# Minolta XD-11



## icassell

About a year ago, I donated my Minolta XD-11 (this, I believe, was the first camera to offer both aperture priority and shutter priority modes) to a local High School .  I also donated a large complement of Rokkor-X glass and accessories (from 24mm to 300mm with several steps in between as well as the 50mm macro, teleconverter, cable releases, assorted filters, etc.).  I figured that, since I'd recently become active again in photography, my Canon 30D would do it for me.  No sooner had I given it all away, I regretted the decision.  That XD-11 had done me yeoman service and then I started thinking about all the ways I could still put it to use (e.g. IR, scanning negatives in and printing digitally, etc.).  

Imagine my surprise when, last week, I got a call from the school telling me the stuff was still sitting in the box and they couldn't do anything with it.  They asked me if I would like to come pick it up.  
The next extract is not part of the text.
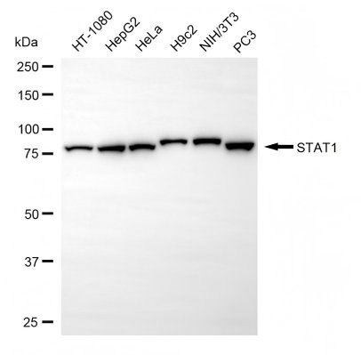 • Western blotting analysis using STAT1 antibody. Total cell lysates (30 μg) from various cell lines were loaded and separated by SDS-PAGE. The blot was incubated with STAT1 antibody and HRP-conjugated goat anti-rabbit secondary antibody respectively.

They didn't need to ask twice. About 15 minutes later (the school is across the street), I was back home with a box of 35mm stuff.  It took me a few minutes to unfreeze the shutter (it hadn't been used in several years), but all is good again with the world.  Now I just have to clean it all up and put it back in service.

Ian


----------



## alexkerhead

:addpics:


----------



## Captain IK

I have an XD-11 as well.  It sat in a camera bag for almost 20 years, until I dug it out a couple of months ago.  It took only a few minutes before I fell in love with it again.  What a great camera


----------



## icassell

alexkerhead said:


> :addpics:



I don't think pix have much to do with my post but, at my earliest convenience, I'll shoot some of the stuff ... 

Ian


----------



## compur

Man, you are lucky!

I would take that as a sign and hang on to that beauty.  Those are great
cameras too.


----------



## icassell

Yeah, I felt that a Christmas Angel smiled at me 

Here are a few pix -- taken quickly this afternoon.  The camera has an attached Autowinder D (a rudimentary motor drive that that screws onto the bottom of the camera and runs on AA batteries -- it is actually only good enough to advance the film, not really a full motor) and the Rokkor-X 300mm f5.6

I also have the Rokkor-X 50mm f1.4, 50mm f3.5 Macro, 24mm f2.8, 35mm f2.8, and a Soligor 135mm f3.5.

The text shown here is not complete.